And as I leapt back up, he did so, and the train began drawing away, the locomotive barking violently, and giving a long, shrieking whistle as though from annoyance at the delay. Regaining our compartment, I told Deo Rana what had occurred, at the same time as opening the window blinds to verify that – yes – the Europeans had remained on the platform rather than risk the snakes. I wondered how many other, similar scenes had occurred at Howrah in recent days. It occurred to me that if the perpetrator put even one serpent in second or third, then he might single-handedly start to reverse the tremendous increases in ridership seen over the recent years; but he – or they – seemed to be fixated on first.

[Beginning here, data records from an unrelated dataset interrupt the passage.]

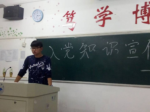 班会由各班班长主持,同学们一同观看入党知识PPT。此次主题班会主要强调“党员的义务和权利、申请入党的条件和要求、发展党员的程序和手续、端正入党动机,以实际行动争取早日入党”等四个方面内容,重点向同学们强调了要端正入党动机,树立正确的世界观、人生观、和价值观等方面内容。同学们认真听讲,并展开了热烈的讨论。
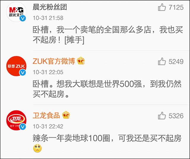 这一句买不起房,炸醒了各大品牌。近万个条官博评论列着然而我还是买不起房的整齐队列,怼起了中国首富。
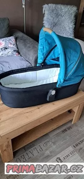 Koupený nový v 2023.extra velká korba,nafukovací kola s aretací,vhodný I do terenu,zvětšující adaptéry na korbu pro vysoké rodice, polohovaci madlo,pláštěnka,kabelka,moskytiéra,dokoupeny adaptéry Maxi cosi na většinu kvalitních autosedaček.jezdeny 7 mesicu-ne denně.mini škrábance od skládání do auta se najdou.korbu lze přenášet i v ruce.PC:30 tis
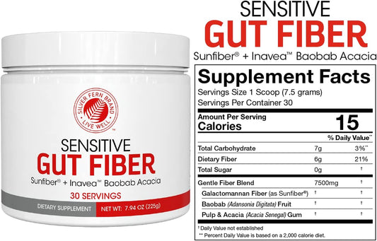 Gentle Gut Fiber Supplement with Galactomannan Guar Fiber - 30 Day Supply - 6g Dietary Fiber - Baobab Fruit & Acacia Fiber
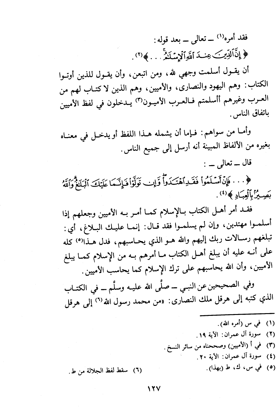 قَالَ - تَعَالَى -: {فَإِنْ أَسْلَمُوا فَقَدِ اهْتَدَوْا وَإِنْ تَوَلَّوْا فَإِنَّمَا عَلَيْكَ الْبَلَاغُ وَاللَّهُ بَصِيرٌ بِالْعِبَادِ} [آل عمران: 20] فَقَدَ أَمْرَ أَهْلَ الْكِتَابِ بِالْإِسْلَامِ كَمَا أَمَرَ بِهِ الْأُمِّيِّينَ وَجَعَلَهُمْ إِذَا أَسْلَمُوا مُهْتَدِينَ وَإِنْ لَمْ يُسْلِمُوا فَقَدْ قَالَ: (إِنَّمَا عَلَيْكَ الْبَلَاغُ) أَيْ تُبَلِّغُهُمْ رِسَالَاتِ رَبِّكَ إِلَيْهِمْ وَاللَّهُ هُوَ الَّذِي يُحَاسِبُهُمْ فَدَلَّ هَذَا كُلُّهُ عَلَى أَنَّهُ عَلَيْهِ أَنْ يُبَلِّغَ أَهْلَ الْكِتَابِ مَا أَمَرَهُمْ بِهِ مِنَ الْإِسْلَامِ كَمَا يُبَلِّغُ الْأُمِّيِّينَ، وَأَنَّ اللَّهَ يُحَاسِبُهُمْ عَلَى تَرْكِ الْإِسْلَامِ كَمَا يُحَاسِبُ الْأُمِّيِّينَ.
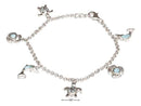 Sterling Silver 7.5" Turtle, Crab, And Dolphin Larimar Charm Bracelet
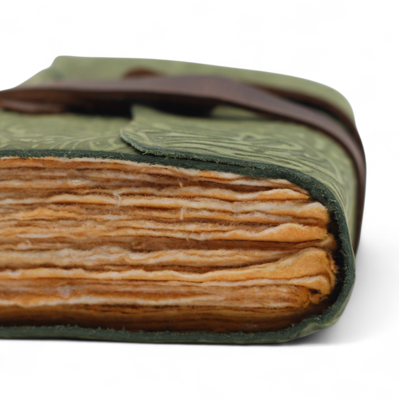 Agenda / Jurnal din piele naturala cu pagini tip pergament - Green Flowers
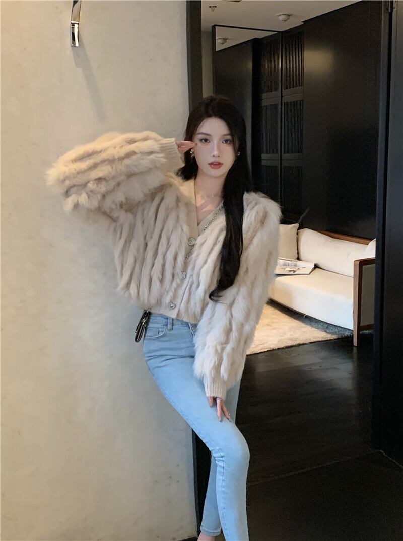 セーター Vネックカーディガンジャケット オータムウィンターニットトップス 秋物 冬物 ブラックストロベリース50863647868
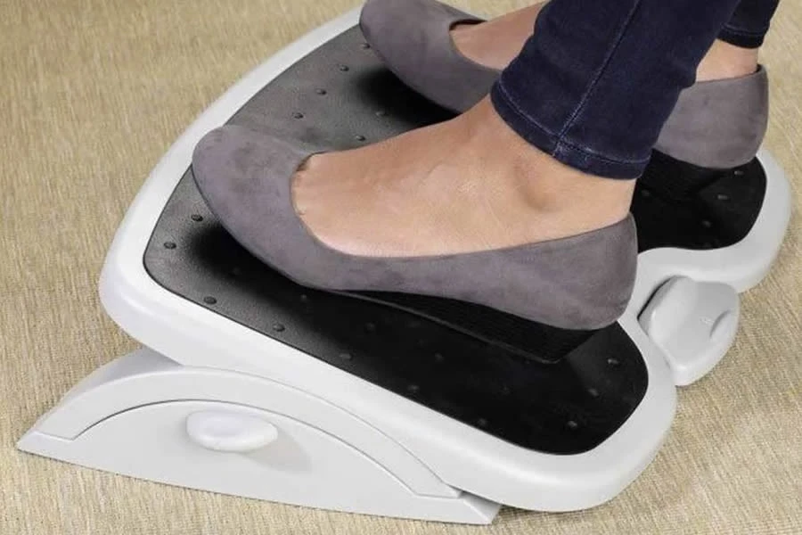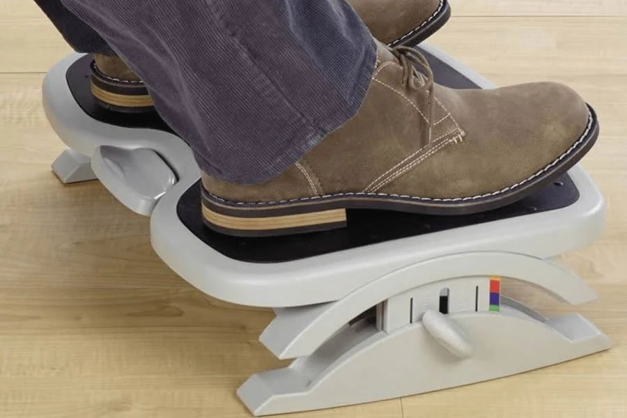 The footrest is designed with a sturdy and durable construction with a large, non-skid foot surface to provide added control. It is also equipped with a tilt angle that reaches up to 20 degrees, and the height can be adjusted between 9 and 13 cm.

As we pulled away, I sat down and began to inspect the picture-taking machine. The big feature was that it could take pictures without the need of plates, films, printing or dark room, and so no third parties need know what you’d photographed. Fisher and I had been equipped with one apiece, and he’d already used his, I believed, to take pictures of unguarded entrances to certain railway properties. This was the first time I’d used mine, and I was doing so at the suggestion of Deo Rana, who’d booked the thing out of the police office stores on my behalf. You pointed it, and pressed the button (there was only one), and the image came out on what resembled a postcard: one of a dozen or so held in the cartridge attached to the back of the contraption. The thing was fully loaded anyhow, and there was a flash bulb attachment. I set it aside, and began looking out of the window. Deo Rana was doing the same, and his face betrayed no expression as he contemplated the ragged people who made their homes on the margins of the lines, and who at this time of day could be seen breakfasting on low-loaders parked in sidings, or making their ablutions on the track ballast.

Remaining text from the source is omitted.